Im Mai wurde das Berliner Payment-Startup Orderbird für viel Geld verkauft. Angefangen hatte alles vor gut zehn Jahren – mit genau diesem Pitchdeck.

Mitgründer sowie CSO Jakob Schreyer bleibt auch nach dem Exit im Managementteam seines Startups Orderbird.

Mitgründer sowie CSO Jakob Schreyer bleibt auch nach dem Exit im Managementteam seines Startups Orderbird.

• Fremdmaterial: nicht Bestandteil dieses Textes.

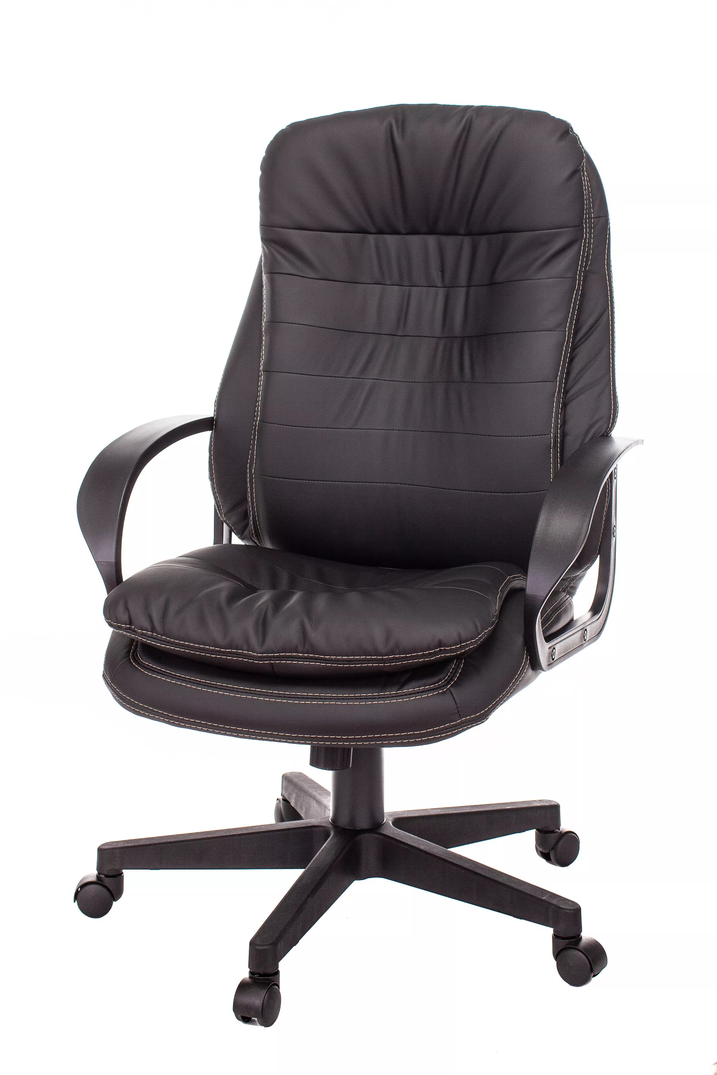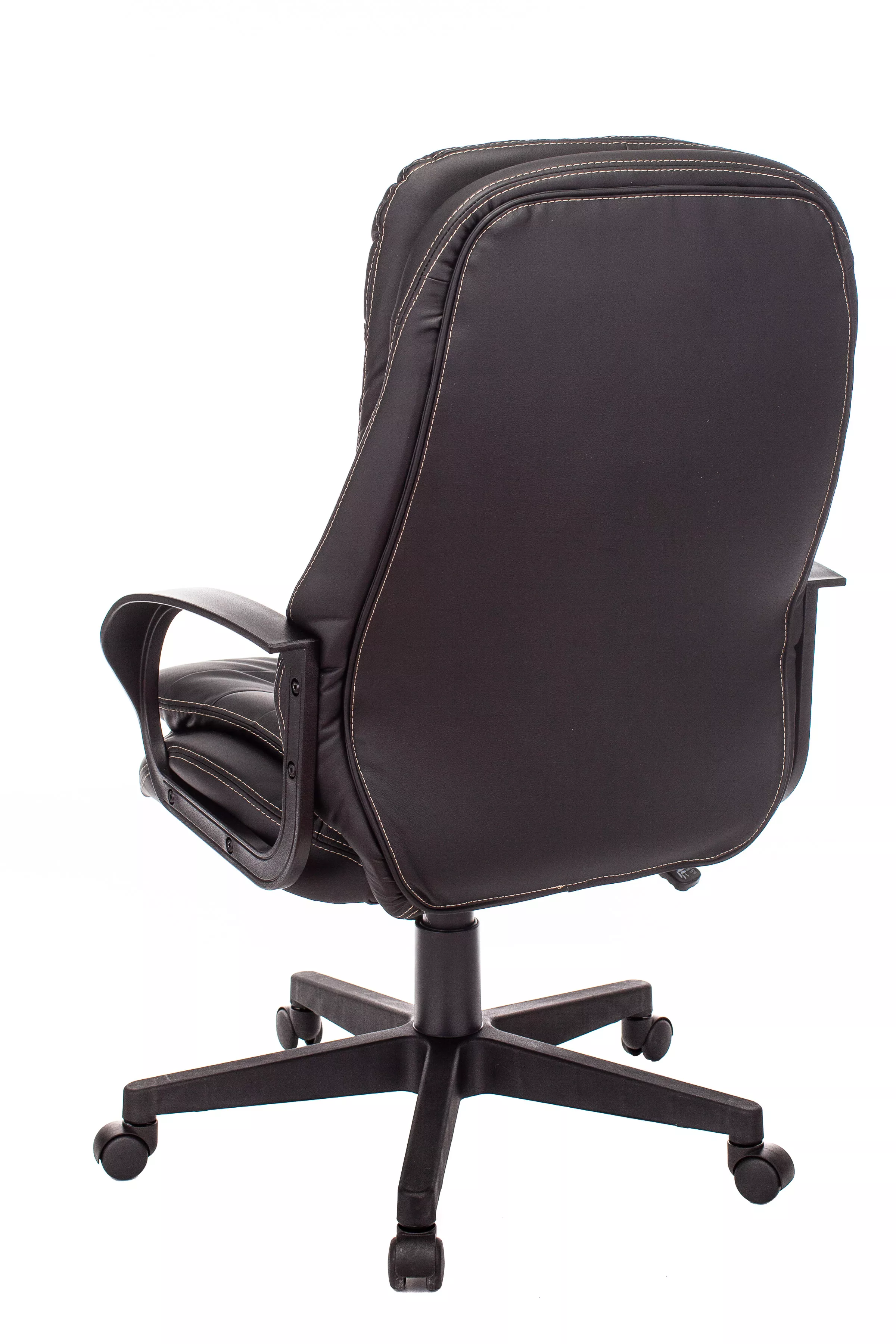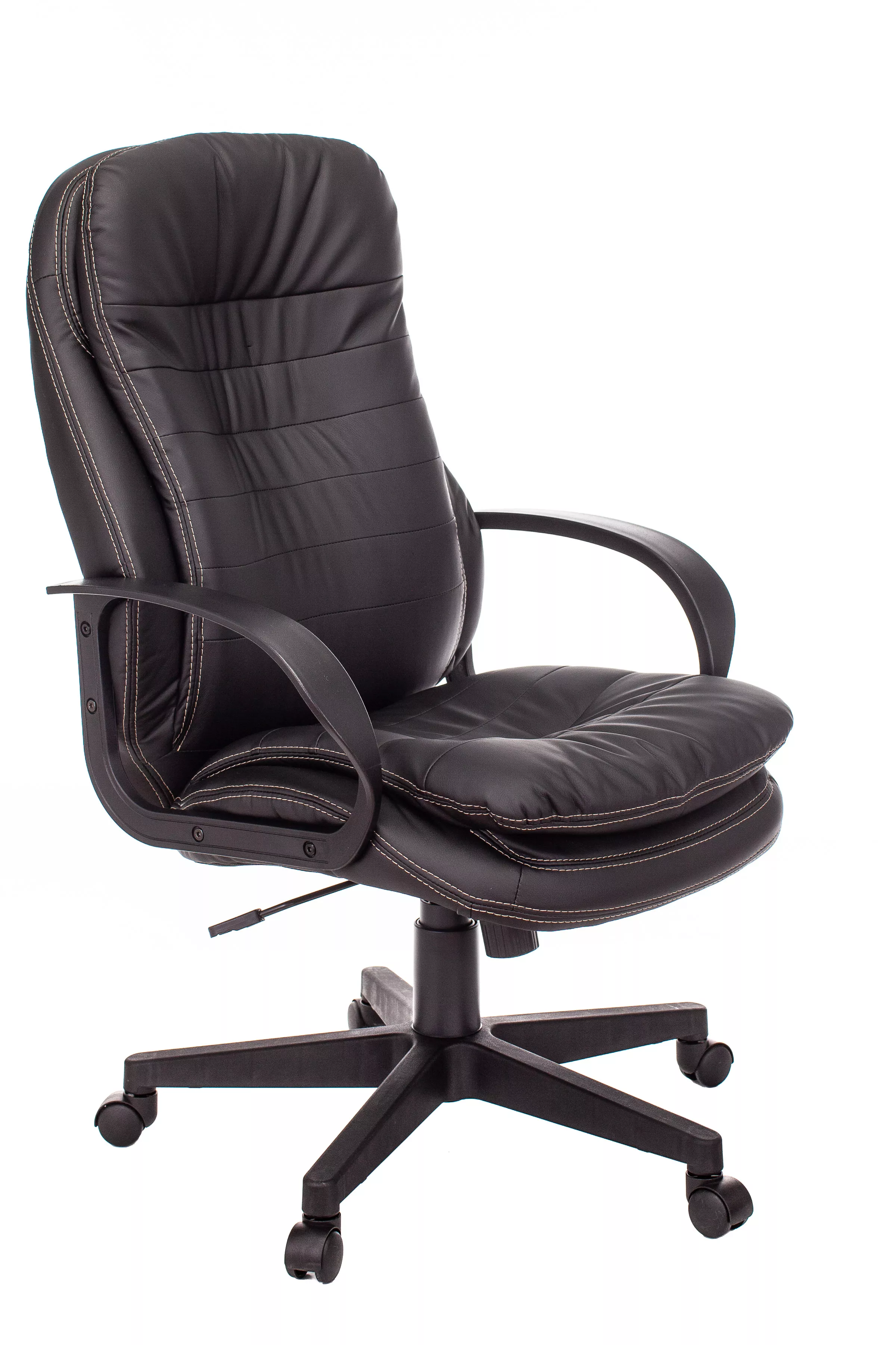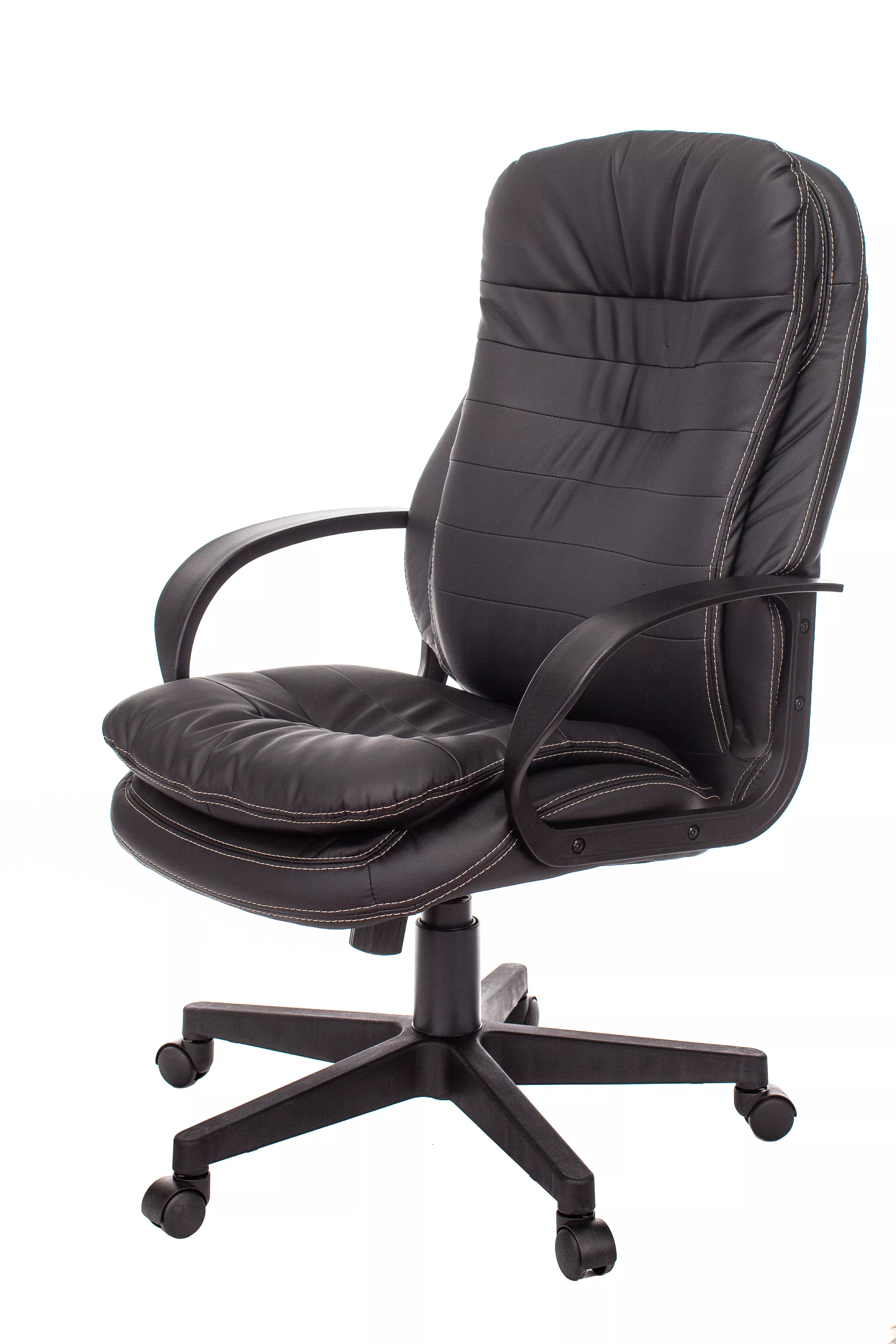 Обивка кресла выполнена из высококачественной экокожи черного цвета, которая не только стильно смотрится, но и легко чистится. Спинка кресла отделена от сиденья, что позволяет обеспечить лучшую вентиляцию и комфорт при длительном сидении. Высота кресла варьируется от 1065 мм до 765 мм с подлокотниками, а высота сиденья составляет 495 мм. Ширина сиденья — 565 мм, а глубина — 460 мм, что обеспечивает достаточное пространство для комфортного размещения.

Der Münchner Edelclub, das P1, war der erste Laden, der 2011 das Orderbird Kassensystem testete, damals das erste iPad-basierte Kassensystem für das Gastgewerbe. Kurz darauf folgte Orderbirds erste Finanzierungsrunde. Mit nicht viel mehr zwei Hand voll Testkunden und einem Pitchdeck überzeugte das Berliner Startup die ersten Investoren wie Carlo Koelzer, CEO von 360T AG, Thomas Hoffstiepel von matrix POS und Rado Pavlov vom MD P1 in München. Die legten mit ihrem Seed-Funding in Höhe von 500.000 Euro den Grundstein für viele weitere Investments in Millionenhöhe.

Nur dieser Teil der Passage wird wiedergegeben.